In August, JD.com founder and CEO Richard Liu Qiandong was arrested in the U.S. on suspicion of rape. Though never charged, he has since eased his iron grip on the company and delegated more authority.

"Now, no one can make key strategic decisions," said one employee.

But Liu still criticizes other executives harshly at work, leading some to jump ship, a company source said. Lan Ye, who helped drive the group's rapid growth as vice president, resigned in May. Chief Technology Officer Zhang Chen and General Counsel Lu Yong are stepping down in June.

Zhang, who formerly worked for Yahoo, led JD.com's push into unmanned logistics operations. He was also the point person for its capital partnership with Google, which began in 2018.
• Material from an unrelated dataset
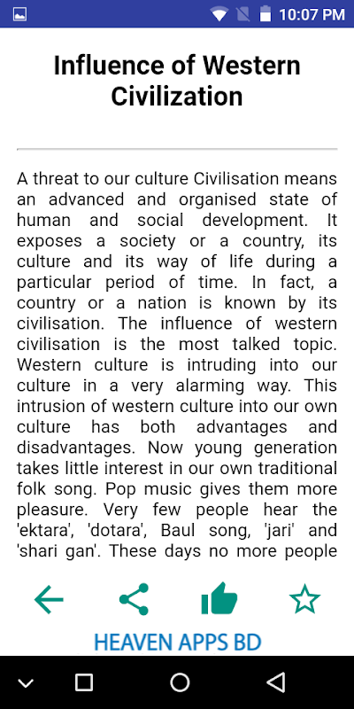 La Colección de Párrafos en Inglés es una parte importante del Segundo Libro en Inglés. Tenemos más de 100 reglas para escribir aplicaciones de párrafo con bangla en esta aplicación de escritura de párrafos en inglés para la aplicación bangla. Inglés todos los párrafos y la composición aparecen en PSC, JSC, SSC y HSC English Secondary Examination. Hay alrededor de 5 a 10 números en este párrafo sobre la escritura de párrafos para la clase 4 y la aplicación de escritura de párrafos en inglés hsc. Una de las ramas de English Second Paper Book es SSC English 2nd Paper y HSC English 2nd Paper. Aquellos que son débiles sobre la gramática inglesa pueden seguir el libro English 2nd Paper ssc grammar. A continuación seguirá el párrafo avanzado en inglés y el libro hsc de composición. Si te gusta esta sencilla aplicación de párrafo en inglés, compártela con todos.

JD.com cited family matters for all three resignations. But the trend appears to be spreading to midlevel managers as well.

"Talented workers are starting to quit because they are worried about the outlook for the company," an employee said. Turmoil on the ground is further dissuading leadership from launching bold initiatives for growth.

JD.com is exploring a partnership with Tencent Holdings, its leading shareholder and Alibaba's rival. It actively promoted its anniversary sale this year through Tencent's smartphone games and social media platforms in an attempt to hit back at Alibaba.

However, Tencent "respects the independence of the companies we invest in," a company representative said, indicating that it has no plans at this point to deepen its relationship with the e-retailer.

Until a few years ago, JD.com was considered a serious contender to wrest away Alibaba's throne in China. But its momentum has long since evaporated. It remains to be seen whether the company can emerge from its slump and once again take the market by storm.